Start of LISTED RECORDS
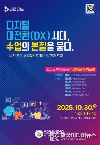 [ 한국미디어뉴스 이원영 기자 ] 부산광역시교육청은 오는 30일 오후 부산교육대학교 참빛극장에서 초등 교원과 교육전문직원 등 200여 명을 대상으로 ‘디지털 대전환(DX)* 시대, 수업의 본질을 묻다’를 슬로건으로 ‘2025 부산 초등 수업혁신 정책포럼’을 개최한다고 밝혔다.
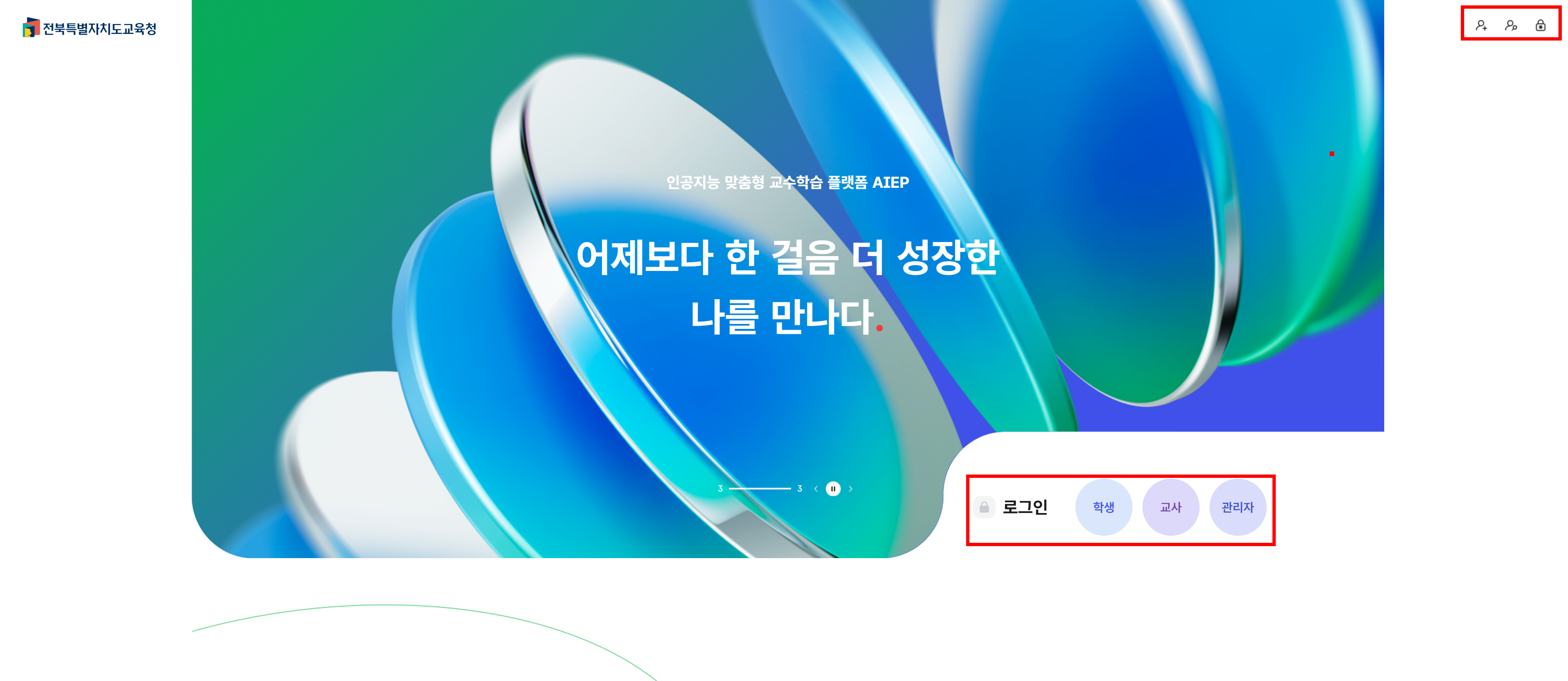 1. 전북특별자치도 교육청 전북 AIEP에 접속해 상단 오른쪽에 있는 로그인 해주세요.
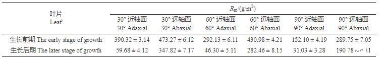 以上结果表明,苹果叶片生长前期近轴面的Rm值高于生长后期,且在同一生长期,苹果叶片远轴面的Rm值远高于近轴面。此外,苹果叶片的Rm值随叶倾角的增大而减小。
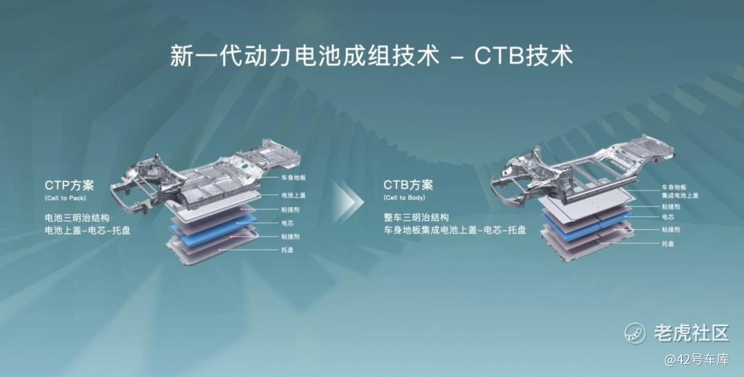 CTB 即「Cell To Body」,和之前大家听闻过的「CTC」技术属于同类,对比此前 CTP 无模组设计的电池包,新结构最大的不一样在于电池系统的设计集成度更高,电池包如今直接成为了底盘上的结构件,整车的力学性能更好,同时底盘的 Z 向厚度更薄。
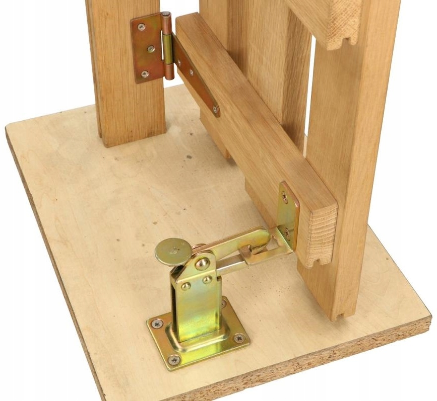 Надежное изделие ручной работы, новинка на рынке. Работает по принципу защелки. При открытии двери замок срабатывает автоматически – захлопывается. Чтобы открыть, просто нажмите ногой на ножку.
End of LISTED RECORDS
Copy nothing past the line containing "CTB 即「Cell To": reproduce every line from the start of the records up to it, skipping pictures.

 [ 한국미디어뉴스 이원영 기자 ] 부산광역시교육청은 오는 30일 오후 부산교육대학교 참빛극장에서 초등 교원과 교육전문직원 등 200여 명을 대상으로 ‘디지털 대전환(DX)* 시대, 수업의 본질을 묻다’를 슬로건으로 ‘2025 부산 초등 수업혁신 정책포럼’을 개최한다고 밝혔다.
 1. 전북특별자치도 교육청 전북 AIEP에 접속해 상단 오른쪽에 있는 로그인 해주세요.
 以上结果表明,苹果叶片生长前期近轴面的Rm值高于生长后期,且在同一生长期,苹果叶片远轴面的Rm值远高于近轴面。此外,苹果叶片的Rm值随叶倾角的增大而减小。
 CTB 即「Cell To Body」,和之前大家听闻过的「CTC」技术属于同类,对比此前 CTP 无模组设计的电池包,新结构最大的不一样在于电池系统的设计集成度更高,电池包如今直接成为了底盘上的结构件,整车的力学性能更好,同时底盘的 Z 向厚度更薄。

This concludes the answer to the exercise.